WORK REQUIRED>
If an entry contains a picture, leave the picture out and reproduce everything else in the records below exactly.

EXERCISE MATERIAL>
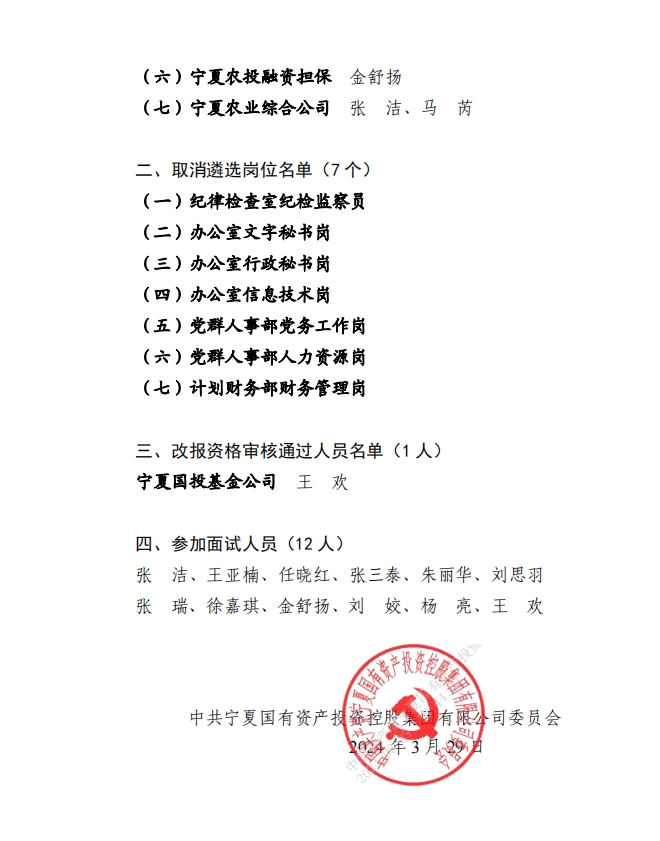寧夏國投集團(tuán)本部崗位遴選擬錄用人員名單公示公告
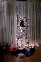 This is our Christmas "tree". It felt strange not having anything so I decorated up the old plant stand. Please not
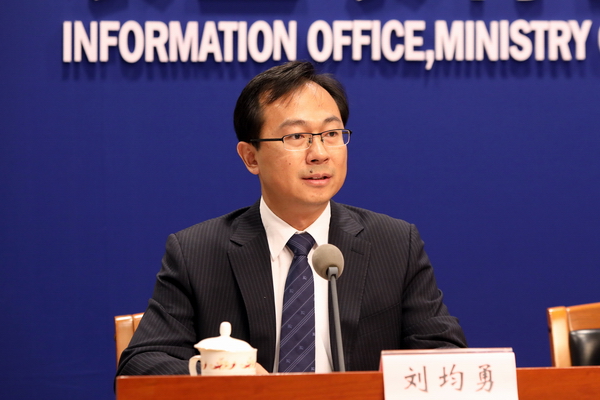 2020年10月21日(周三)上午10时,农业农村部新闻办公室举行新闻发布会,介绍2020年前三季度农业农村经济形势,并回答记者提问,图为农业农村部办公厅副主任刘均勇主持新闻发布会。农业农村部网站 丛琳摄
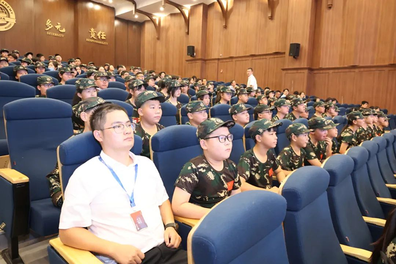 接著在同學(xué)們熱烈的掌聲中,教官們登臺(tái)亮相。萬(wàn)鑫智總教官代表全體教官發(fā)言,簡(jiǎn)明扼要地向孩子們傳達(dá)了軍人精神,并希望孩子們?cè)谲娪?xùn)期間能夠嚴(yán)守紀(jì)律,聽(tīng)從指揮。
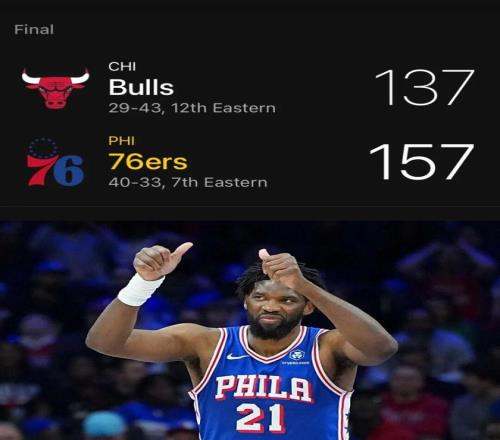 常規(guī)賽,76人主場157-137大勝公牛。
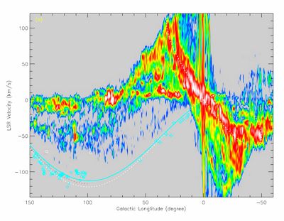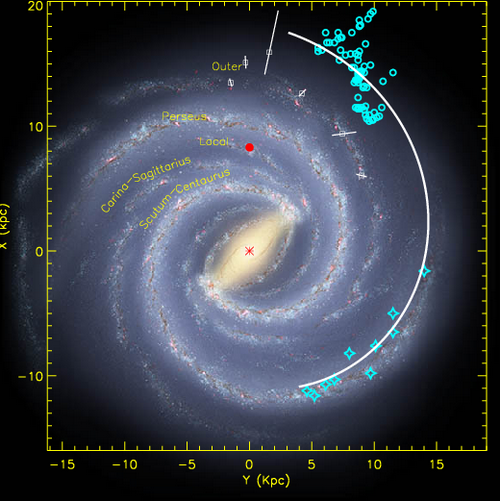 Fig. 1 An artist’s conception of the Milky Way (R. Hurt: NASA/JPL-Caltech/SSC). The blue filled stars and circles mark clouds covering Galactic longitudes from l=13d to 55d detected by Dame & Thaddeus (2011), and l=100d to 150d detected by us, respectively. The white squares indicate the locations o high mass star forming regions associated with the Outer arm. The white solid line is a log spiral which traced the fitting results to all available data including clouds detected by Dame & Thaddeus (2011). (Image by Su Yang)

TASK SOLUTION>
寧夏國投集團(tuán)本部崗位遴選擬錄用人員名單公示公告
 This is our Christmas "tree". It felt strange not having anything so I decorated up the old plant stand. Please not
 2020年10月21日(周三)上午10时,农业农村部新闻办公室举行新闻发布会,介绍2020年前三季度农业农村经济形势,并回答记者提问,图为农业农村部办公厅副主任刘均勇主持新闻发布会。农业农村部网站 丛琳摄
 接著在同學(xué)們熱烈的掌聲中,教官們登臺(tái)亮相。萬(wàn)鑫智總教官代表全體教官發(fā)言,簡(jiǎn)明扼要地向孩子們傳達(dá)了軍人精神,并希望孩子們?cè)谲娪?xùn)期間能夠嚴(yán)守紀(jì)律,聽(tīng)從指揮。
 常規(guī)賽,76人主場157-137大勝公牛。
 Fig. 1 An artist’s conception of the Milky Way (R. Hurt: NASA/JPL-Caltech/SSC). The blue filled stars and circles mark clouds covering Galactic longitudes from l=13d to 55d detected by Dame & Thaddeus (2011), and l=100d to 150d detected by us, respectively. The white squares indicate the locations o high mass star forming regions associated with the Outer arm. The white solid line is a log spiral which traced the fitting results to all available data including clouds detected by Dame & Thaddeus (2011). (Image by Su Yang)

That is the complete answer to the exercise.